= Collected data =

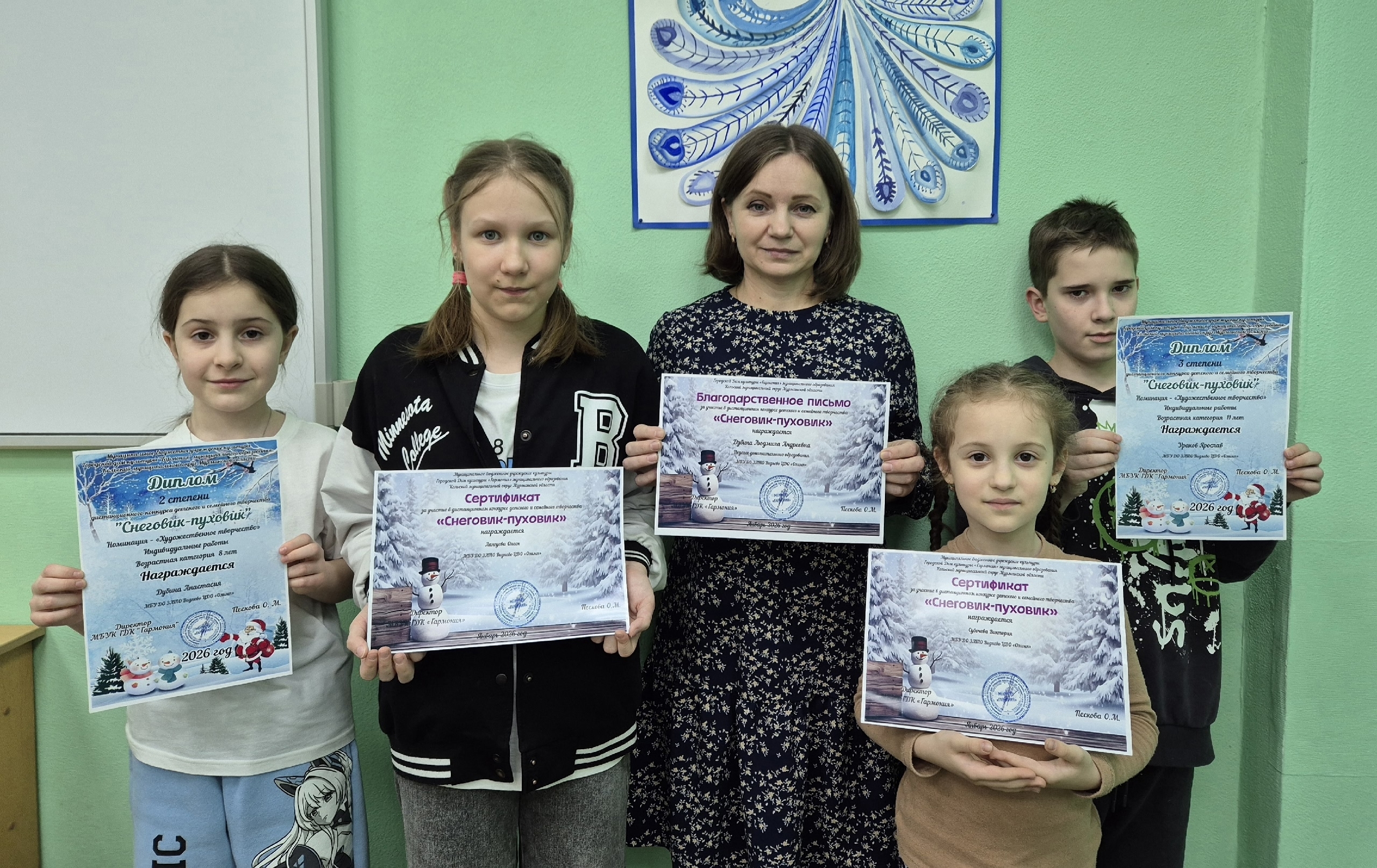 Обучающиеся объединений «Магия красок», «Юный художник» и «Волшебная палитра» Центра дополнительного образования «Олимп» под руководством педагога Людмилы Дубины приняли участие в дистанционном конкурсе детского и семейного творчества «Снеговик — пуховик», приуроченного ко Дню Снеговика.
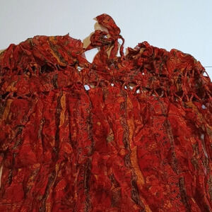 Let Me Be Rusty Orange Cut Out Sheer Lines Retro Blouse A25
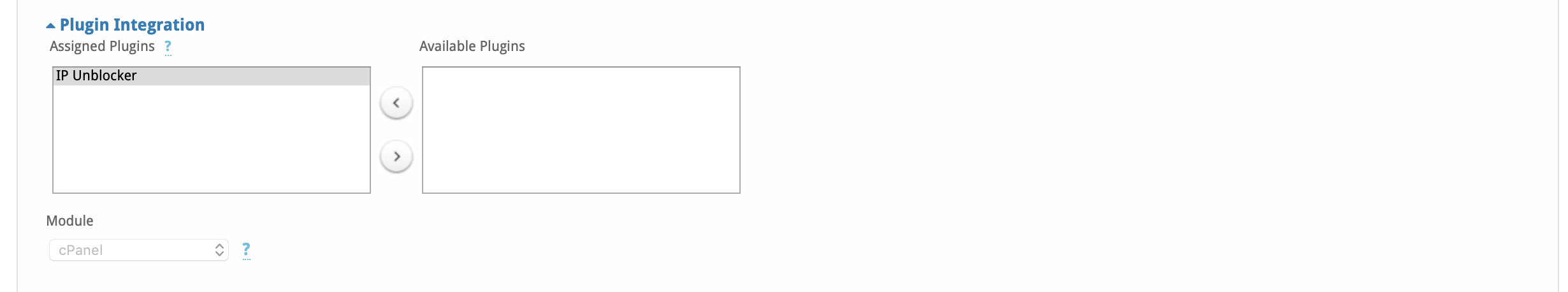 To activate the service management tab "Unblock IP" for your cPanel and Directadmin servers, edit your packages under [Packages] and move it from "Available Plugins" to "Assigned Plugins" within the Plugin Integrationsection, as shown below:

= Task description =
Provide the listing above once more, exactly, with the pictures removed.

= Answer =
 Обучающиеся объединений «Магия красок», «Юный художник» и «Волшебная палитра» Центра дополнительного образования «Олимп» под руководством педагога Людмилы Дубины приняли участие в дистанционном конкурсе детского и семейного творчества «Снеговик — пуховик», приуроченного ко Дню Снеговика.
 Let Me Be Rusty Orange Cut Out Sheer Lines Retro Blouse A25
 To activate the service management tab "Unblock IP" for your cPanel and Directadmin servers, edit your packages under [Packages] and move it from "Available Plugins" to "Assigned Plugins" within the Plugin Integrationsection, as shown below:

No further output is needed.